Saturday, January 23, 2010

GHCN Station selection.

WUWT has featured Marc Sheppard's American Thinker article, which gives a prominent place to E.M.Smith's claims about how GHCN has been selectively dropping cool stations to boost apparent global warming. I was going to blog extensively on this, but I see that Real Climate. and more completely Zeke Hausfather have it well covered. However, maybe there's a bit to add to the WUWT discussion.

First some elementary things which people like Smith and Sheppard really should check before going into this stuff. All climate trend work is done in terms of temperature anomalies. For each station a base average for each month is established over some base period (1961-1990 for GHCN). For each month, the anomaly is the difference between the average for the month and the base average. So the base average takes out the effect of location, and just reports whether, for that station, the temp was higher or lower than "usual". This is vital in establishing a regional or global average - otherwise you really do have to worry about whether you have a fair distribution of hot and cold places. That is hard, and its why you'll see few references to a global temp in deg C.

So selectively dropping cool stations would not at all make global anomaly bigger or smaller.

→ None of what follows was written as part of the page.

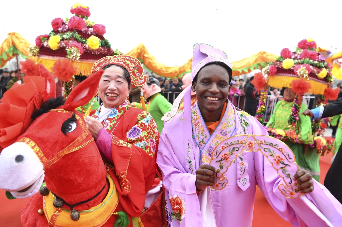 民俗表演很搞笑,洋小伙也来凑热闹。

The other elementary step is to enquire why the stations were discontinued. The NOAA explains their station selection thinking here. Zeke expands in his post. The bottom line is that GHCN was a historic database. It could include many more stations because it had years to process the data. But once you start trying to maintain such a database in real time, it's much harder. Data doesn't come preprocessed and checked down the wire from much of the world. A lot comes in print, and has to be digitised. You need to rather carefully work out just how much you need. That's why NOAA did not try to keep up many of the stations that contributed to the historic network.

Anomalies and Zeke's analysis.

The basic study of the independence of anomalies from local topography etc was Hansen and Lebedeff (1987). It showed that over a period of time, anomalies correlated well over distances up to 1200 km and more, without taking account of long term average temp. That means that you can indeed select representative sites without trying to balance this factor.

I'm still not convinced by E.M.Smith's claim that discontinued stations are cooler. But suppose they are. Does it make a difference? Zeke says no. Here's his plot, showing that if you take stations currently reporting, and compare with stations that have a long record in the GHCN database but do not currently report, then there is no real warming or cooling effect.

And to show that the high-latitude altitudes still get coverage, here's his distribution of reporting sites:


In the course of the WUWT thread, I did check one Sheppard/Smith claim in detail. They scoffed at the representation of Bolivia, showing this map:

and saying:

“There’s a wonderful baseline for Bolivia — a very high mountainous country — right up until 1990 when the data ends. And if you look on the [GISS] November 2009 anomaly map, you’ll see a very red rosy hot Bolivia [boxed in blue]. But how do you get a hot Bolivia when you haven’t measured the temperature for 20 years?”

Well, we see a big red patch around Bolivia. It seems uniformly pretty warm, and if that applies to Andean topography generally, it seems suggesting that Bolivia was warmer than usual is not unreasonable. So I looked around for stations near Sucre, Bolivia, and found:
1.63C.....346km..3410m..La Quiaca
2.66C.....595km...950m..Jujuy Aero

A good range of altitudes there. The Dist is distance from Sucre. Arica is by the sea (desert); others are inland. The anomalies show some variation, but they are all pretty warm, as the red patch suggests. No reason to expect Bolivia to be different.


  1. First glad to see you are blogging and keep up the good work!

    If you check the data, you will find there is an effect from latitude. Stations that have a higher latitude (e.g., closer to NP) have larger temperature trends than those on equator. Also, land has a greater trend than ocean.

    Shifting the distribution of stations and doing a straight sum without gridding it is guaranteed to have a measurable effect. If you grid it and properly interpolate for missing stations, shouldn't see much of a difference.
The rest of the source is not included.